NCBI Bookshelf. A service of the National Library of Medicine, National Institutes of Health.
NCBI News [Internet]. Bethesda (MD): National Center for Biotechnology Information (US); 1991-2012.
New Science Feature on NCBI Insights - Transcriptome of Tasmanian devil and its transmissible cancer
Thursday, February 28, 2013
A new Science Feature is now on NCBI Insights Bog - "The Tasmanian Devil and Cancer as an Infectious Disease: Analysis of transcriptome data." Recent research about a strange and deadly infection that causes a transmissible cancer in the Tasmanian devil has provided considerable data and insights on the mechanism of pathology.

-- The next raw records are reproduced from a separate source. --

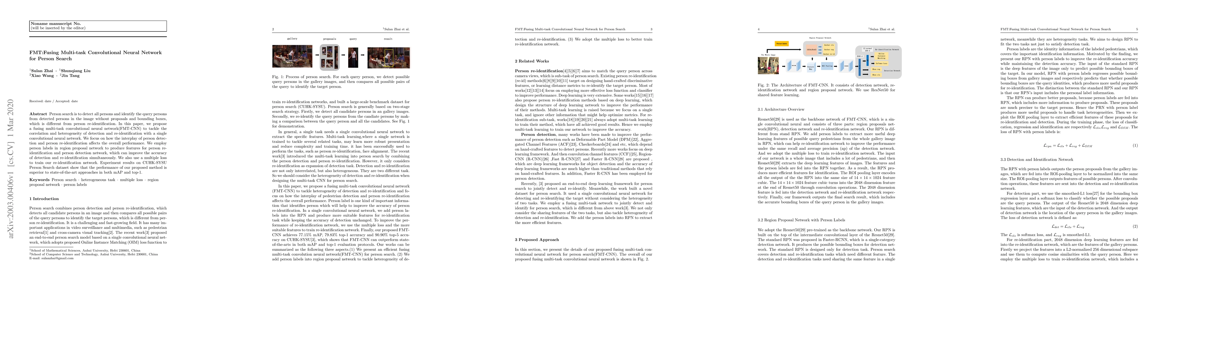 Person search is to detect all persons and identify the query persons from detected persons in the image without proposals and bounding boxes, which is different from person re-identification. In this paper, we propose a fusing multi-task convolutional neural network(FMT-CNN) to tackle the correlation and heterogeneity of detection and re-identification with a single convolutional neural network. We focus on how the interplay of person detection and person re-identification affects the overall performance. We employ person labels in region proposal network to produce features for person re-identification and person detection network, which can improve the accuracy of detection and re-identification simultaneously. We also use a multiple loss to train our re-identification network. Experiment results on CUHK-SYSU Person Search dataset show that the performance of our proposed method is superior to state-of-the-art approaches in both mAP and top-1.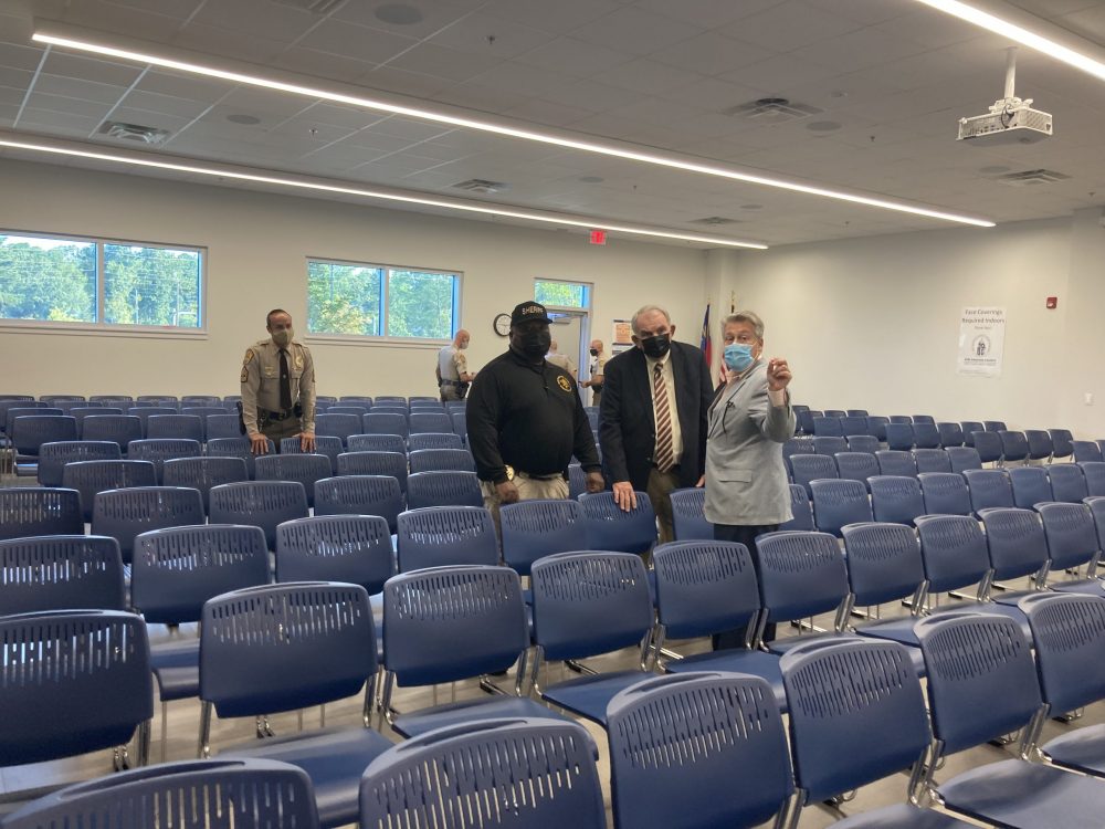 The parking lot of the county health and human services headquarters on Greenfield Street was nearly full before 8 a.m. Dozens of members of the public showed up to the meeting in opposition of the move. Everyone entered the meeting room, where mask-wearing was strictly enforced, through a security checkpoint manned by New Hanover County Sheriff’s Office deputies.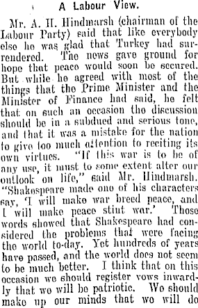 \ A Labour View. Mr A IT Hindmarsh (chairman of the Labour Party) enid that like everybody else ho was. glad that Turkey had surrendered. Tho noivs gave ground for hope that peace would soon bo eeenred. But while he agreed with, most of the things that tho Prime. Minister and the Minister of Finance had enid, he felt that on finch an occasion tho discussion should bo in a subdued and serious tone, and I hut it was a mistake for the nation lo give 100 much attention to reciting its own virtues. "If I his war is to be of any use it must to some extent alter our outlook'on life," eaid Mr. lliudinarsli. "Shakespeare made ono of his characters eay, 1 will mako war breed peace, and t' will mako peace stint war.' Those words showed that Slwkcspouro had considered the problems that were facing tho world to-ilay. Yet hundreds of years have passed, and the world does not seem to be much better. I think that on this occasion wo should register vows inwardly that wo will bo patriotic. Wo should mako up our minds that wo will do
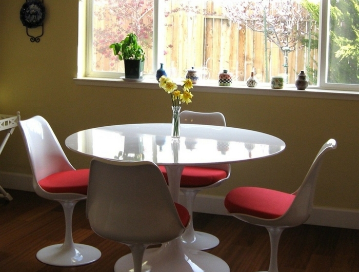 Ungewöhnliches Modell Esszimer weiß rund gelbe Blumen Designer Stühle rote Polster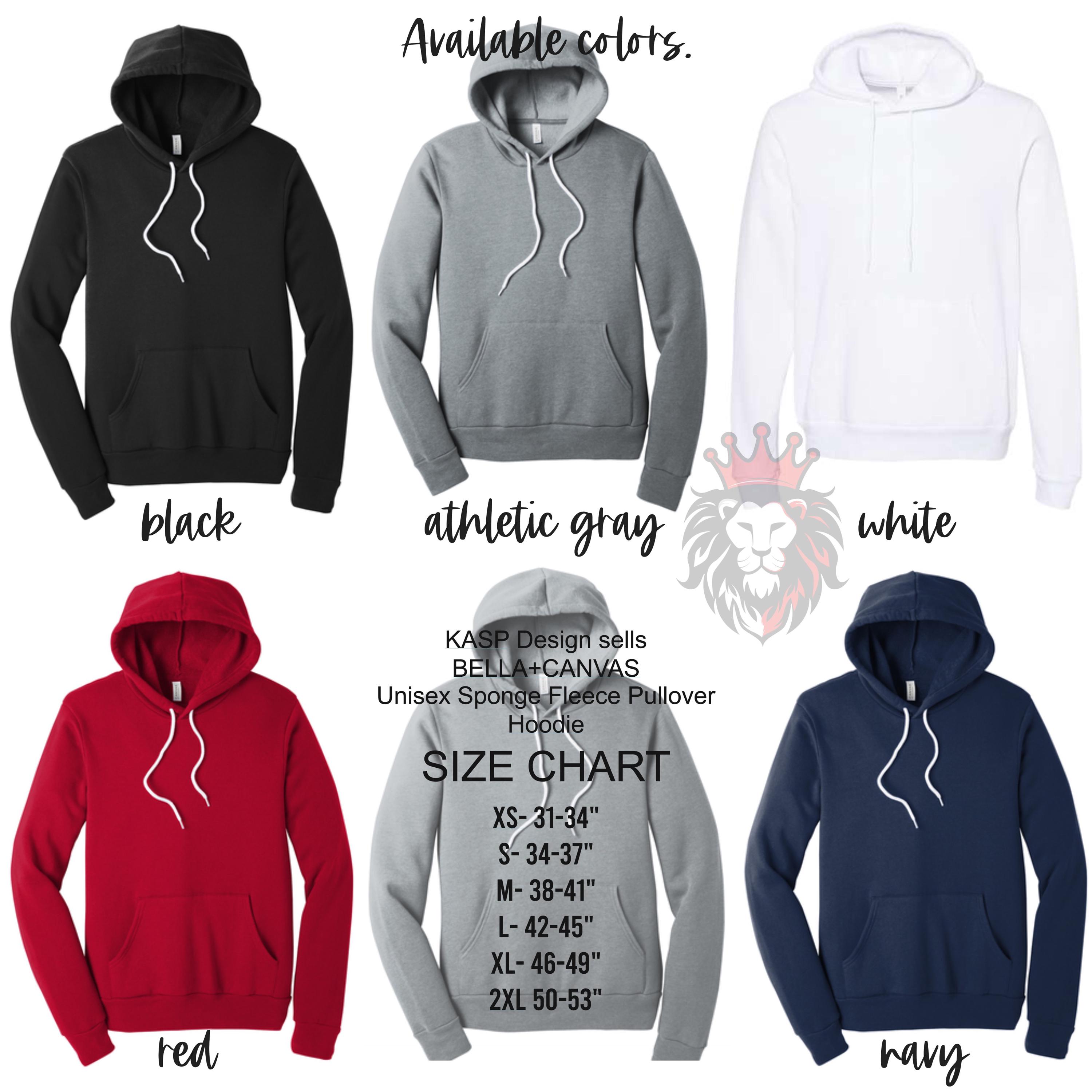 Unisex tees, sweatshirts, and hoodies are a high-quality Bella+Canvas brand. T-shirts (crew neck and v-neck), sweatshirts, and hoodies are retail fit. If you feel you are between sizes order up. The colors offered are white, black, and athletic heather (gray sweatshirts being the exception- they are deep heather gray).
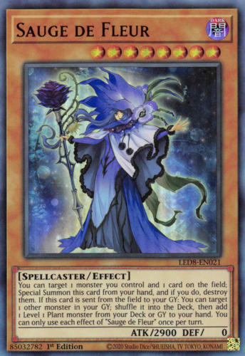 Text You can target 1 monster you control and 1 card on the field; Special Summon this card from your hand, and if you do, destroy them. If this card is sent from the field to your GY: You can target 1 other monster in your GY; shuffle it into the Deck, then add 1 Level 1 Plant monster from your Deck or GY to your hand. You can only use each effect of "Sauge de Fleur" once per turn.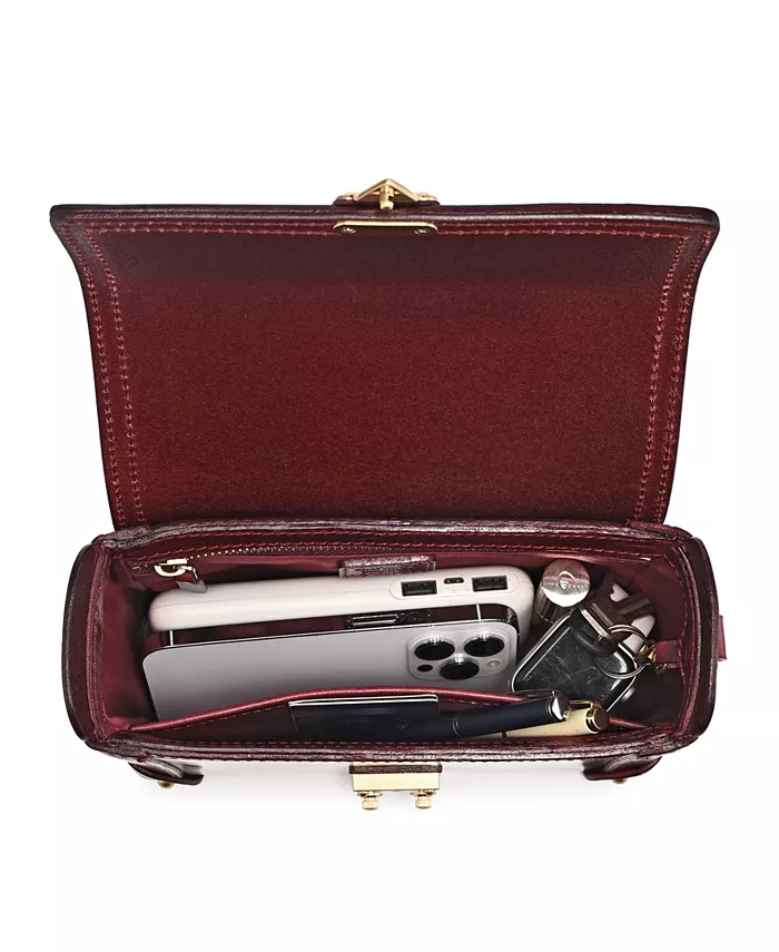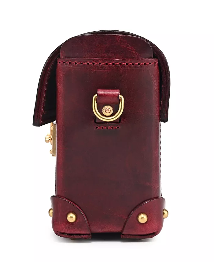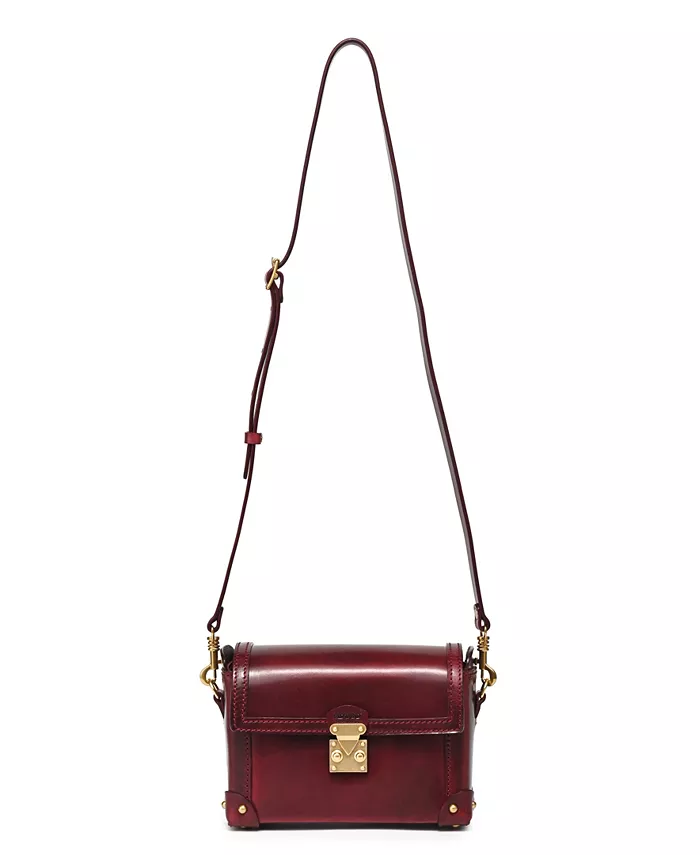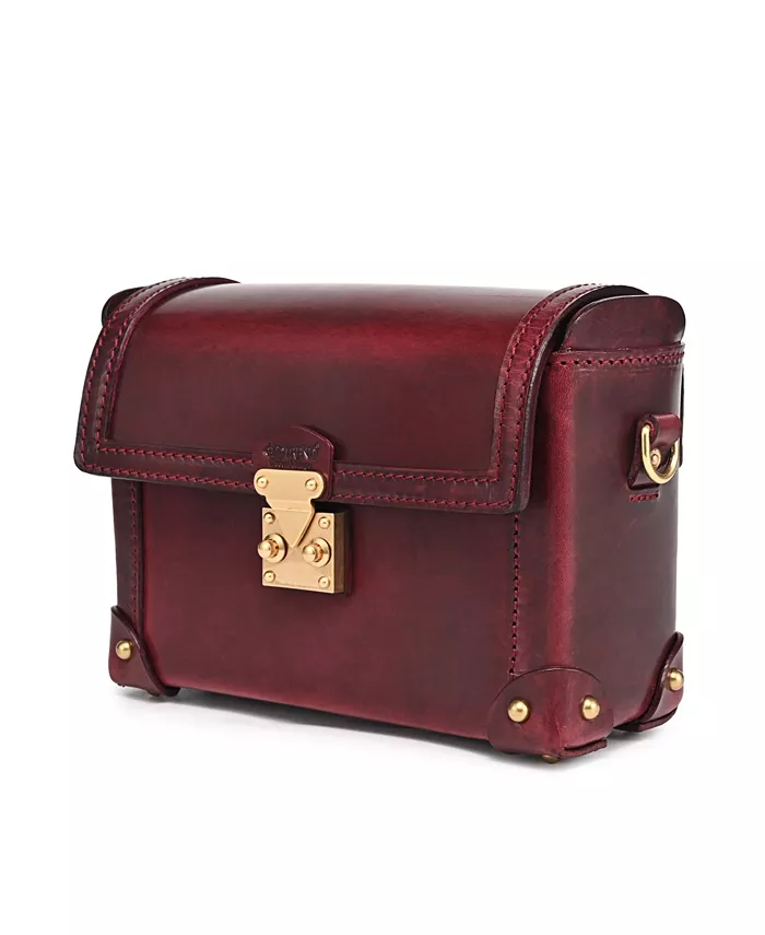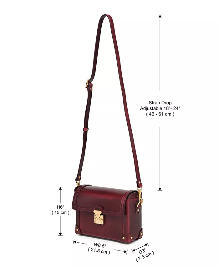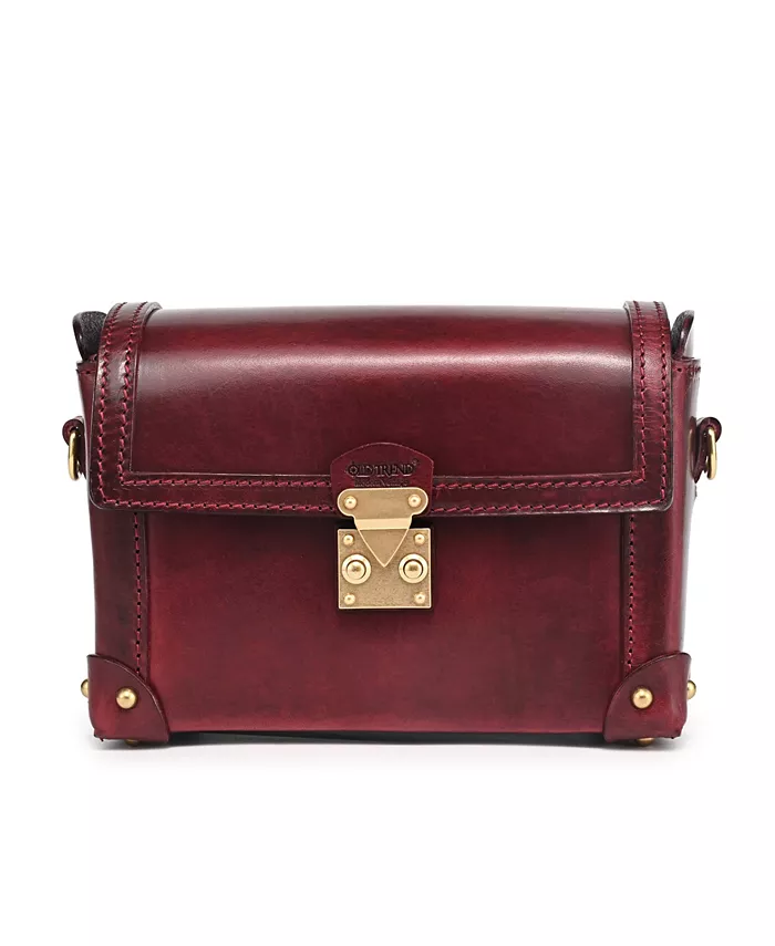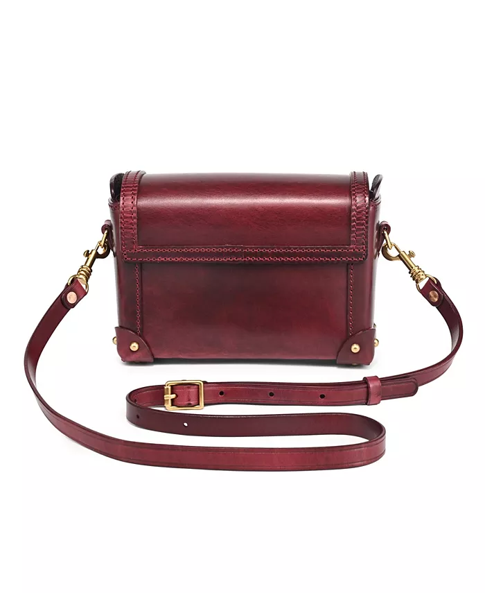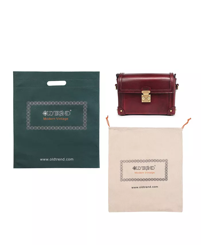 OLD TREND Azalea Vintage Leather Case Crossbody выделяется как сумка в форме куба с полированной отделкой, стилизованная под мини-сундук. Она имеет откидной клапан с надежной застежкой-защелкой и широкое отверстие для легкого доступа к своему просторному отделению. Детали ручной прострочки и кожаные нашивки с заклепками защищают каждый угол, что делает ее идеальной как в качестве вневременной винтажной сумки через плечо, так и в качестве шикарного ящика для хранения ценных вещей.
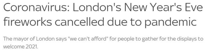 另據天空新聞的報道,倫敦市長薩迪克·汗今早在參加LBC的廣播節目時表示,倫敦2021年的跨年煙花表演將暫停,因為“我們無法應對”人們像往常那樣的聚集。但他補充説:“我們正在努力做的是讓人們可以在舒適、安全的客廳裏看電視節目。”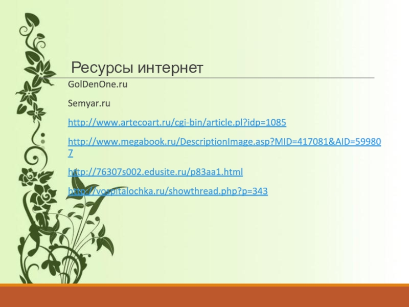 Ресурсы интернетGolDenOne.ruSemyar.ruhttp://www.artecoart.ru/cgi-bin/article.pl?idp=1085http://www.megabook.ru/DescriptionImage.asp?MID=417081&AID=599807http://76307s002.edusite.ru/p83aa1.html http://vospitalochka.ru/showthread.php?p=343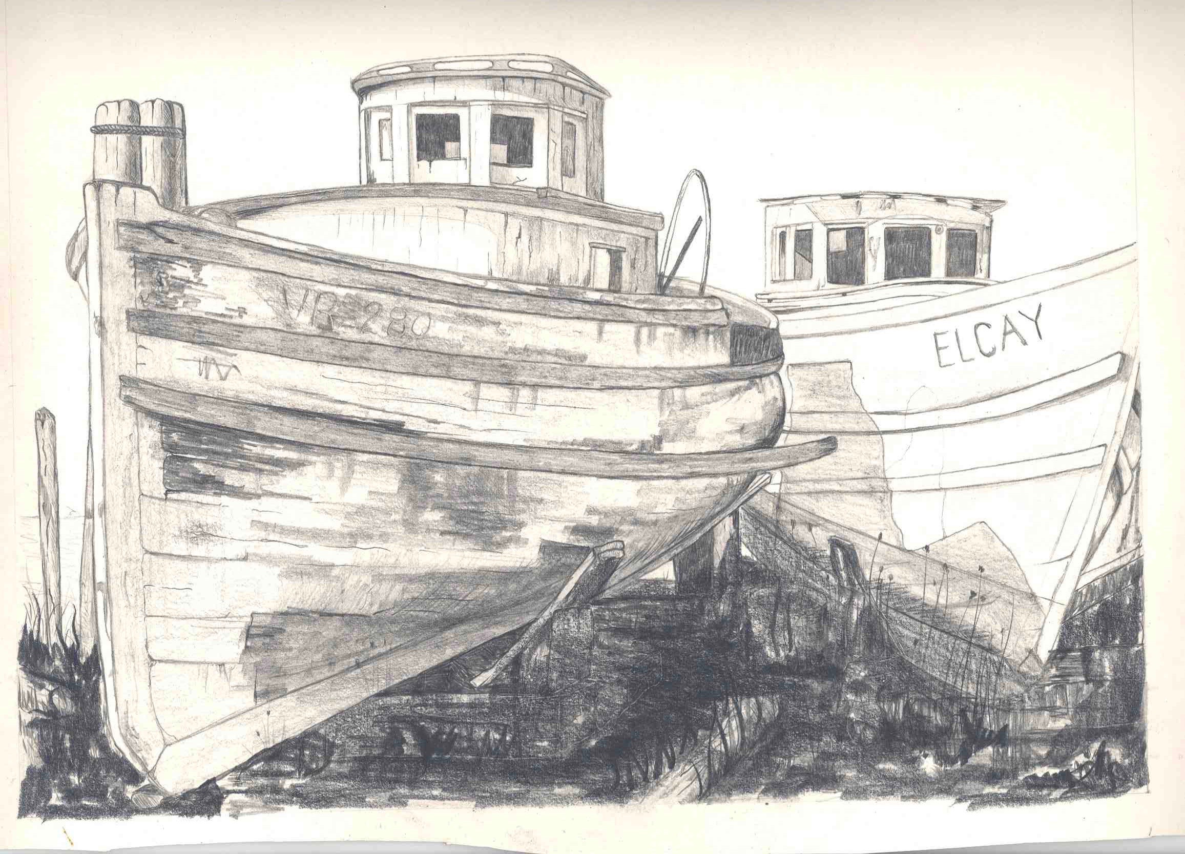 I also did a pencil drawing of the same two boats in the mid 90:

This post shows how to access the relevant literature and these RNA-Seq data through PubMed Central, the BioProjects, and Sequence Read Archive (SRA). It also demonstrates using BLAST and the SRA run browser to analyze expression levels of specific protein coding and miRNA genes in these data sets.
New Quick Tip on NCBI Insights Blog - how to download bacterial genomes using the Entrez API
Wednesday, February 20, 2013
A new Quick Tip, "How to Download Bacterial Genomes Using the Entrez API" on the NCBI Insights blog shows how to download bacterial genomes programmatically for a list of species using the E-utilities, the application programming interface (API) to NCBI’s Entrez system of databases.
This strategy takes advantage of NCBI’s redesigned Genome database that links all genome sequences for a given species to one record, making it easy to obtain the desired sequences after finding the right Genome record. The post includes a demonstration script that is easy to adapt to download genomes of interest.
GenBank Release 194.0 is Available
Tuesday, February 19, 2013
The new release for GenBank is now available via ftp.ncbi.nlm.nih.gov, as well as in the Nucleotide database and BLAST services.
In release 194.0 (02/15/2013), the total number of non-WGS, non-CON records was comprised of basepairs of sequence data. In addition, there were 103,101,291 WGS records containing 390,900,990,416 basepairs of sequence data.
During the 63 days between the close dates for GenBank Releases 193.0 and 194.0, the non-WGS/non-CON portion of GenBank grew by 1,750,490,954 basepairs and by 1,746,402 sequence records, with an average of 45,507 non-WGS/non-CON records added and/or updated per day. In addition, the WGS component of GenBank grew by 34,898,067,578 basepairs and by 10,333,526 sequence records.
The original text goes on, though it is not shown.